Mathematical Sciences: 4-Manifolds and Symplectic Topology

数学科学：4-流形和辛拓扑

• 批准号: 9301524
• 负责人: Robert Gompf
• 金额: $ 9.48万
• 依托单位: University of Texas at Austin
• 依托单位国家: 美国
• 项目类别: Standard Grant
• 财政年份: 1993
• 资助国家: 美国
• 起止时间: 1993-06-01 至 1996-09-30
• 项目状态: 已结题
• 来源: https://www.nsf.gov/awardsearch/showAward?AWD_ID=9301524&HistoricalAwards=false
• 关键词: Mathematical; Sciences; Manifolds; Symplectic; Topology

The purpose of this project is better to understand smooth and symplectic 4-manifolds. Smooth 4-manifolds are spaces which are locally diffeomorphic to Euclidean 4-space. Symplectic manifolds are endowed with additional structure which keeps track of areas and volumes. For both types of 4-manifolds, the most basic questions of existence and uniqueness are still poorly understood; it is these questions which the project addresses. Traditionally, these two types of objects have been studied by rather different methods, but the principal investigator's research to date shows that much can be gained from a unified approach. In fact, he has solved major problems in both fields by simple "cut-and-paste" constructions (log transforms and connected sums along surfaces). He intends to apply these and related techniques to produce even better examples (for example, simply connected, irreducible symplectic 4-manifolds with small second betti numbers). These, and other examples which the principal investigator has already produced, should be detectable by means of gauge theory. Other examples which might be produced (such as a simply connected, symplectic, non-Kaehler 6-manifold, or a symplectic 4-manifold which splits as a connected sum of indefinite pieces) could be detected by elementary means.
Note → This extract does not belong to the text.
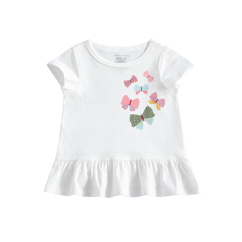 유럽과 미국의 아동복 123 세 나비 레이스 의류 아동용 반팔 바닥 셔츠 봄과 가을 얇은면 아기 소녀의 긴팔 티셔츠

Smooth manifolds of dimension 4 are presently the least understood manifolds of any dimension. Only in the last decade has substantial progress been made in understanding the possible shapes of these objects. This is particularly ironic in that our own universe is an example of a 4-dimensional manifold. Symplectic manifolds have also come under intense study recently. These objects first appeared in connection with classical mechanics, the physics of macroscopic objects such as mechanical systems and orbiting satellites. Subsequently, they have turned out to play a deep role in quantum physics, so they are of great interest to physicists who are attempting to understand the fundamental forces of nature. Symplectic manifolds are also of interest to pure mathematicians because of their appearance in such diverse fields as algebraic geometry, gauge theory and Lie group theory. It is the principal investigator's belief that there are deep and largely unexplored connections between the theories of symplectic manifolds and smooth 4-manifolds. The instant research project is to exploit these connections to illuminate both theories.

这个项目的目的是更好地了解顺利 和辛四维流形 光滑四维流形是 与欧几里得4-空间局部微分同胚。 辛 流形被赋予了额外的结构， 面积和体积。 对于这两种类型的四维流形， 关于存在性和唯一性的基本问题， 这些问题正是本项目要解决的问题。 传统上，这两种类型的对象是由 不同的方法，但首席研究员的 迄今为止的研究表明， approach. 事实上，他在这两个领域都解决了重大问题 通过简单的“剪切和粘贴”构造（对数变换和 沿沿着表面的连接和）。他打算应用这些方法， 相关技术以产生甚至更好的示例（例如， 单连通、不可约辛4-流形，具有小 第二Betti数）。 这些和其他例子， 主要研究者已经产生，应该是可检测的 通过规范理论。 可能产生的其他例子 (such作为一个单连通的，辛的，非Kaehler 6-流形， 或辛4-流形，其分裂为以下的连通和： 不确定的碎片）可以通过基本手段检测到。 四维光滑流形是目前最小的 任何维度的流形。 只是在最近十年 在了解可能的 这些物体的形状。 这是特别具有讽刺意味的是，我们的 我们自己的宇宙是一个四维流形的例子。 辛流形最近也受到了广泛的研究。 这些物体最初出现在与古典 力学，宏观物体的物理学，如机械 系统和轨道卫星。 随后，他们转向 在量子物理学中扮演着重要的角色，所以它们非常重要。 对那些试图理解 自然界的基本力量。 辛流形也是 纯数学家的兴趣，因为他们的出现在 代数几何、规范论和李学等不同领域 群论 首席研究员认为， 有很深的和很大程度上未被探索的联系之间的 辛流形和光滑4-流形的理论。 的 即时研究项目是利用这些联系， 阐明两种理论。